# How to close programs from DOS



## crillin (Sep 14, 2001)

hi.

I was just wondering if there is a way to close a running program from MS-DOS Prompt window. Forexample, if i want to close kazaa from MS-DOS Prompt window.

thank you in advance.


----------



## Casey820 (May 3, 2002)

If you're running Windows XP Pro (not sure about Home), you can use kill.exe to close a program. Open a command prompt and type kill.exe /? for information on how to use it.


----------



## Guest (Oct 8, 2002)

Since DOS and/or DOS-emulators have absolutely no clue what Windows is up to (internally) I don't think this would be a wise thing to attempt. I, personally, have never heard of such a utility or capability.


----------



## Casey820 (May 3, 2002)

Using kill.exe can leave some processes orphaned, but I've used it successfully many times. It's fairly common in enterprise computing.


----------



## jib (Mar 18, 2002)

I'm sorry, I'm running winME now.

It seems the kill command doesn't work on winME. 

I found a program called Absurd Terminator that you can use to do stuff like shutdown, restart, terminate a process, etc. In the help files of this program, it said that I could kill a program from MS-DOS window by typing:

c:\Program Files\Absord Terminator> terminator.exe /kill word

word being the program name you want to kill.

Since this command also uses the kill command, it didn't work for me.

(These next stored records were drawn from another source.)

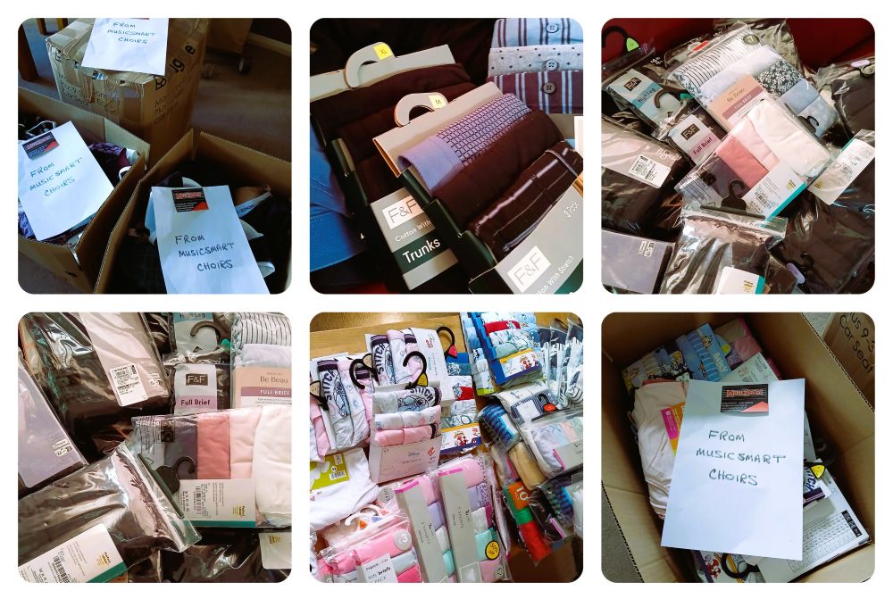 This year we decided to collect for a Spring Appeal – Smalls for All, and as usual we have had an amazing response. You have donated a total of 861 items of underwear, which included 97 Bras, 476 pairs of ladies’ pants, 15 pairs of men’s boxers and 273 pairs of children’s pants. We would like to send special thanks to John Graham from our Coda Community Choir who very kindly paid for and arranged shipping to send them to the charity in Scotland. We have been in touch with Smalls for All and they are so grateful and will send an acknowledgement once they have received the parcels.
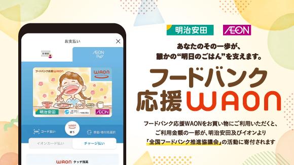 一般社団法人全国フードバンク推進協議会(代表理事:米山廣明)は、明治安田生命保険相互会社(執行役社長:永島英器)、イオン株式会社(代表執行役社長:吉田昭夫)、およびイオンフィナンシャルサービス株式会社(代表取締役社長:深山友晴)との協働で発行された「フードバンク応援WAON」による支援が開始されたことをお知らせいたします。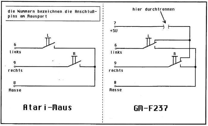 Nun aber zur Behebung des Joystick-Konflikts. In der original Atari-Maus schalten die Maustasten die Leitungen Feuerknopf/linke Maustaste bzw. Feuerknopf1/rechte Maustaste auf Masse (Abbildung 2). Im Ruhezustand werden die Leitungen nicht beschaltet. Das reicht auch völlig aus, da TTL-Bausteine einen unbeschalteten Eingang als logisch high auswerten. In der Genius-Maus werden die Tasten im Ruhezustand jedoch mit +5V belegt. Da die Leitung für die rechte Maustaste mit der des Feuerknopfes beim Joystick verbunden ist, muß zwangsläufig ein Kurzschluß entstehen wenn der Feuerknopf gedrückt und die Leitung damit auf Masse gelegt wird. Man muß also auf der Mausplatine die Leiterbahn zwischen den Ruhekontakten der Taster und +5V durchtrennen.

I'm still looking for a way to this on winME... I'll post i find something... and if anyone can help me i would appriciate it.

thanks.


----------



## Casey820 (May 3, 2002)

A word of warning, orphaned processes are more likely on Win 9x machines (Windows ME falls into that category). Kill.exe is only available on XP. It's also available in Administrator kits for Windows 2000, but I don't know if those are free downloads or not.


----------